**Task to carry out**
Could you transcribe each entry below exactly, minus the images?

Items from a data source
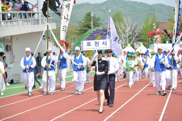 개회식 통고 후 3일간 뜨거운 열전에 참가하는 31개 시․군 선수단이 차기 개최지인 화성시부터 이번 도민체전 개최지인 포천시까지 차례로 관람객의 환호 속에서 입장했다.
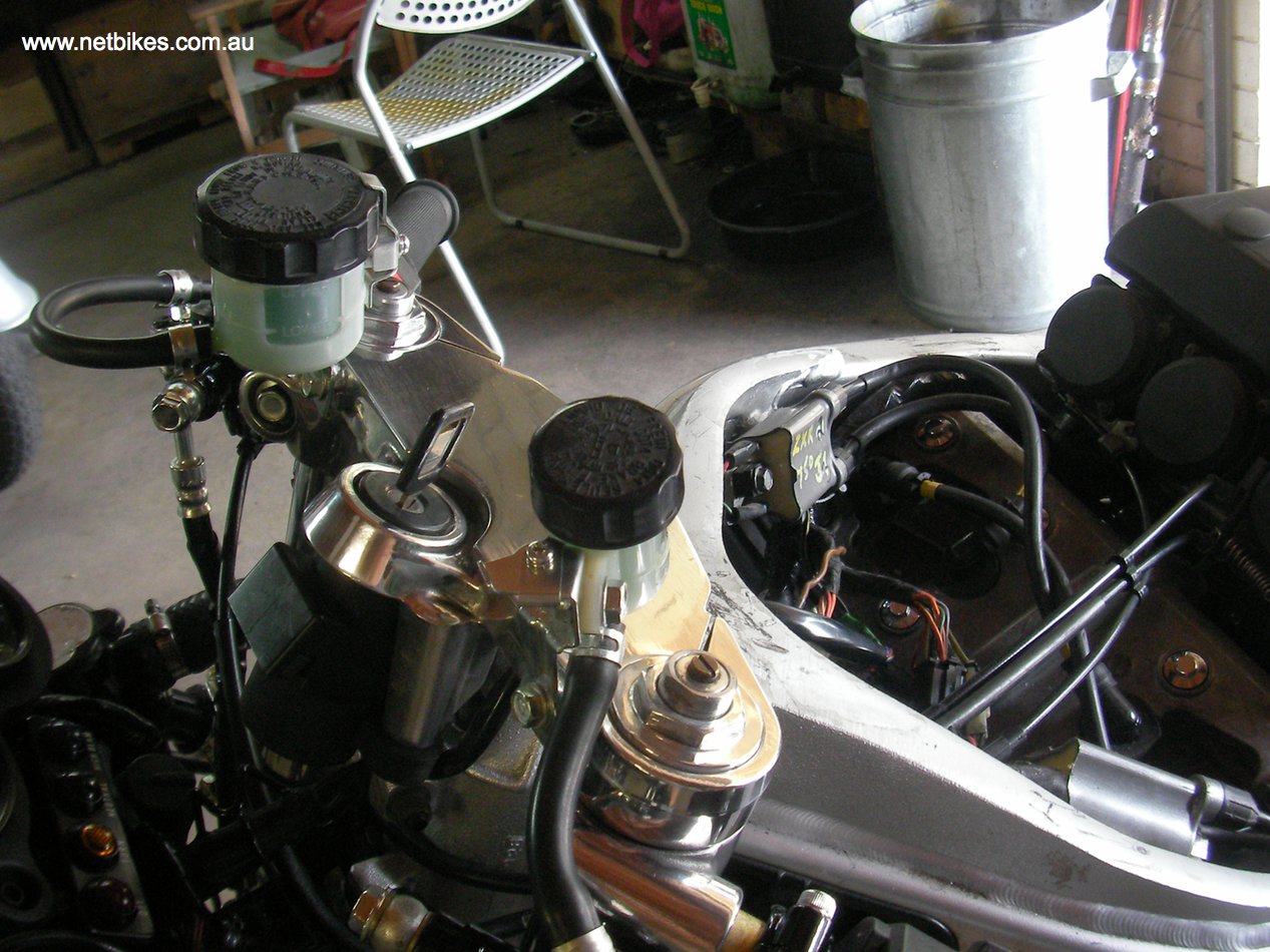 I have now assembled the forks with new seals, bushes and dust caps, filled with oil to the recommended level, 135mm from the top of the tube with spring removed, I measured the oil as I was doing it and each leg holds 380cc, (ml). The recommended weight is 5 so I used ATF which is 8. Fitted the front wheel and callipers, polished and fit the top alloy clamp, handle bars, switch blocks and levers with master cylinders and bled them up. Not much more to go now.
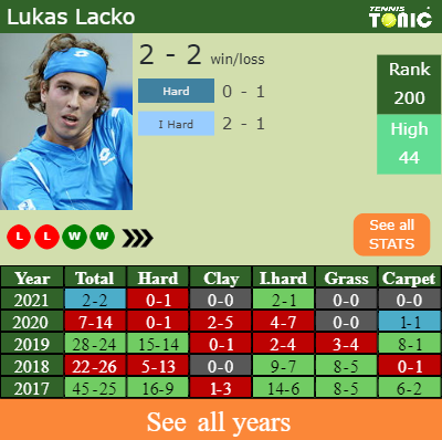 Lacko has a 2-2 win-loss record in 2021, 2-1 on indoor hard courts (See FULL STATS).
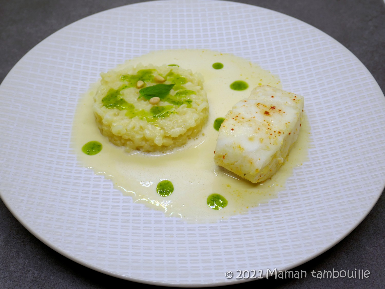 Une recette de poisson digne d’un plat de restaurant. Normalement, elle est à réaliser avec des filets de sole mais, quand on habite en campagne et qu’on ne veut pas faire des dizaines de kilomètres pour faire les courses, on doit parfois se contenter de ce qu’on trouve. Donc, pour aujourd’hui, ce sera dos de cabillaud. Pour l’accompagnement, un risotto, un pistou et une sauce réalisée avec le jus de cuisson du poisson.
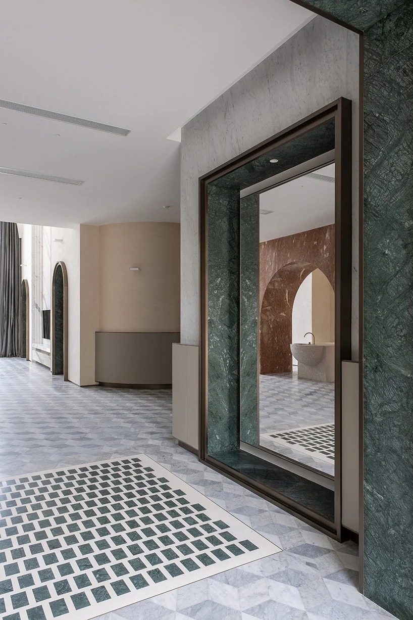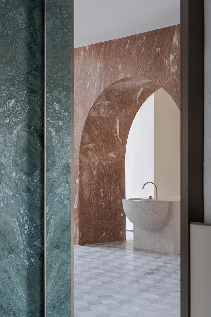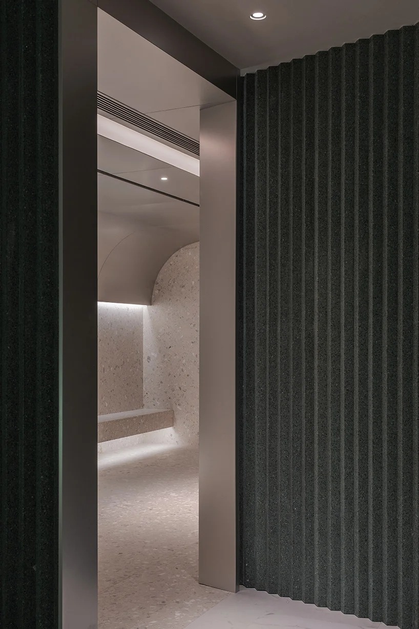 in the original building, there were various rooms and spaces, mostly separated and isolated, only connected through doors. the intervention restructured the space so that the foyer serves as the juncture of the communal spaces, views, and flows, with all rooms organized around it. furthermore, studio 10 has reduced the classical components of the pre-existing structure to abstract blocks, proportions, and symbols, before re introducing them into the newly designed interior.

**Problem solution**
 개회식 통고 후 3일간 뜨거운 열전에 참가하는 31개 시․군 선수단이 차기 개최지인 화성시부터 이번 도민체전 개최지인 포천시까지 차례로 관람객의 환호 속에서 입장했다.
 I have now assembled the forks with new seals, bushes and dust caps, filled with oil to the recommended level, 135mm from the top of the tube with spring removed, I measured the oil as I was doing it and each leg holds 380cc, (ml). The recommended weight is 5 so I used ATF which is 8. Fitted the front wheel and callipers, polished and fit the top alloy clamp, handle bars, switch blocks and levers with master cylinders and bled them up. Not much more to go now.
 Lacko has a 2-2 win-loss record in 2021, 2-1 on indoor hard courts (See FULL STATS).
 Une recette de poisson digne d’un plat de restaurant. Normalement, elle est à réaliser avec des filets de sole mais, quand on habite en campagne et qu’on ne veut pas faire des dizaines de kilomètres pour faire les courses, on doit parfois se contenter de ce qu’on trouve. Donc, pour aujourd’hui, ce sera dos de cabillaud. Pour l’accompagnement, un risotto, un pistou et une sauce réalisée avec le jus de cuisson du poisson.
 in the original building, there were various rooms and spaces, mostly separated and isolated, only connected through doors. the intervention restructured the space so that the foyer serves as the juncture of the communal spaces, views, and flows, with all rooms organized around it. furthermore, studio 10 has reduced the classical components of the pre-existing structure to abstract blocks, proportions, and symbols, before re introducing them into the newly designed interior.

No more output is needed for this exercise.